Palm’s leaking mobile phone miscue

Matt Hartley writing for Lockergnome reports on a disturbing privacy problem with the Palm Pre, citing a BBC story. The detail of data being sent back to Palm is rather alarming, including user location, application usage patterns, and a list of applications installed on the phone.

Palm’s PR department, of course, responds with more spin than a Steve Mizerak masse shot. Quoting the BBC article:

Palm issued a statement about Mr Hess’ discovery and said it “offers users ways to turn data collecting services on and off”.

It added: “Our privacy policy is like many policies in the industry and includes very detailed language about potential scenarios in which we might use a customer’s information, all toward a goal of offering a great user experience.”

“We appreciate the trust that users give us with their information, and have no intention to violate that trust,” said Palm.

Excuse me Palm, but I really think you just did exactly that. I would be willing to bet it has been intentionally made difficult to turn off the “data collecting services” you refer to.

It’s inexcusable to leak that kind of detailed data and bury it under some kind of legalese “privacy policy.” How about being honest about this and telling the user, in plain English, you’re going to do this the first time the phone is turned on?

And we wonder why Palm nearly went bankrupt. Wonder no more. At least now we know this time they’re going to sink for a good reason.

Apple’s sneaky iTunes personal information leak

As (re-)discovered in a recent TechBlog article, Apple is embedding personal information in downloads from its iTunes music store. Assumably this is a way to help catch the “low-hanging fruit” of those who partake in unauthorized copying. Casting aside the ethical issues, this is rather horribly misguided if that’s Apple’s reason.

Consider the following situation: Alice hosts a party where several guests, Bob, Charlie, and a few other close friends of hers are in attendance. Mallory crashes the party (or, even attends as a friend of one of the other guests, it’s really kind of immaterial) and snarfs some of the music files from Alice’s collection, with Alice’s name and e-mail address in them. They wind up on a Web server with a Tor hidden service address, run by Mallory the next morning.
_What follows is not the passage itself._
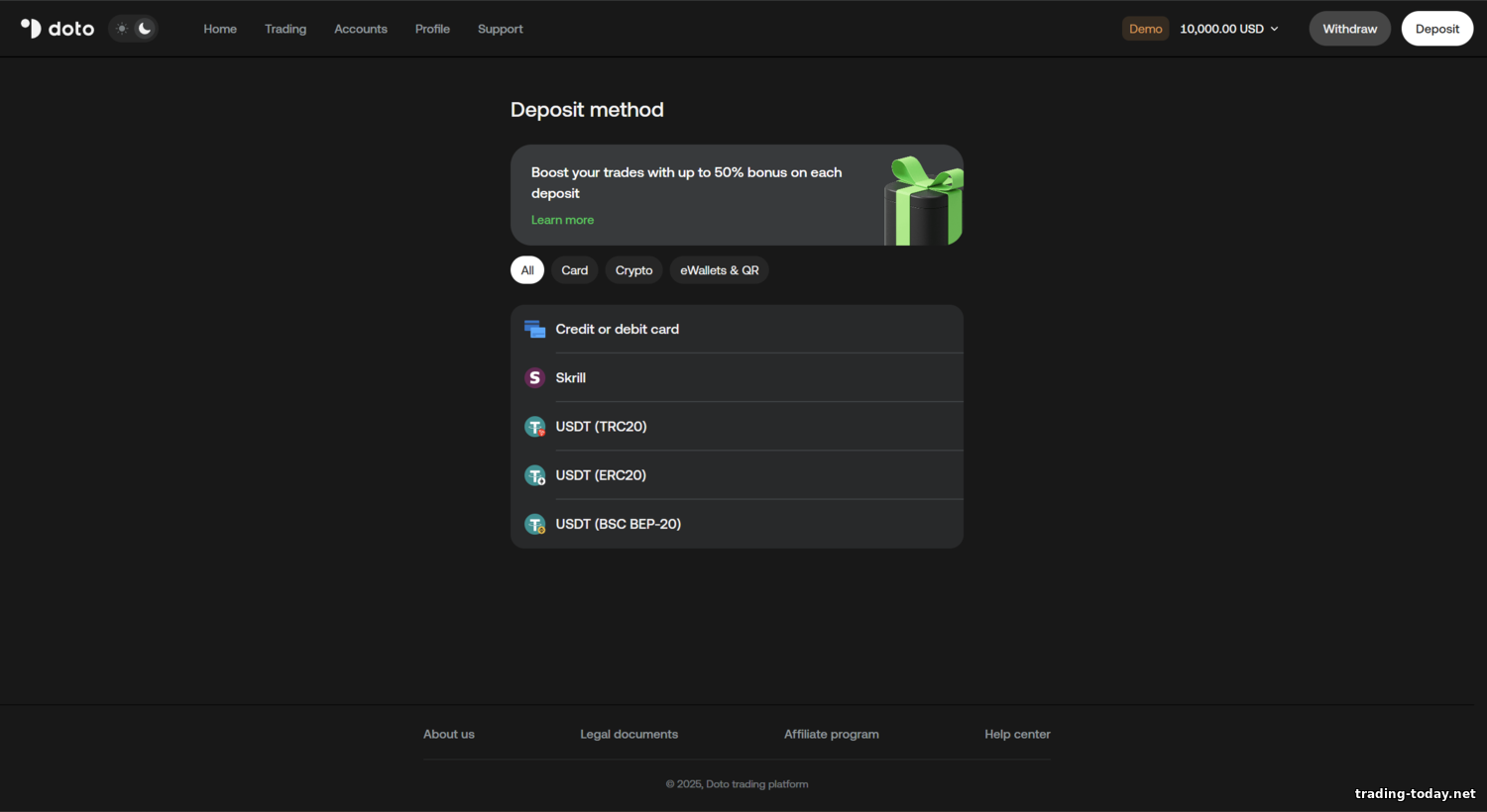 - Bonuses and promotions: Trading conditions usually exclude bonuses, but Doto sometimes offers a deposit bonus. Currently the site advertises a “deposit bonus up to 50 %” of the deposit amount. Deposit $100 and get +\$50 bonus credit, so your trading balance becomes \$150. The bonus lets you open larger trades but cannot be withdrawn until certain turnover is met. Doto had not offered bonuses before, yet competition pushes many offshore brokers to give 30–100 % bonuses, so Doto followed suit. Treat bonuses with care: they raise leverage and impose conditions. Read the bonus agreement before accepting. Still, their presence can please traders who enjoy such programs.

Now, nobody downloading these files will know anything about Mallory. Well, obviously they’ll know some Tor user put these up on a hidden service. But all they will see in the files is Alice’s e-mail address, and probably assume she’s the one who has shared the files.

This can happen any number of ways: stolen storage media strikes me as one of the more likely ones (in fact, Mallory may well have sticky fingers when it comes to USB flash drives in the above example). But I think it’s a great reason why this kind of information should not be in downloaded media files.

Not to mention Dwight does a great job of showing how easy this is to circumvent (converting to MP3). I would not even be surprised if there’s a way to configure a decoder to write the exact same encoded audio sans most of the tags.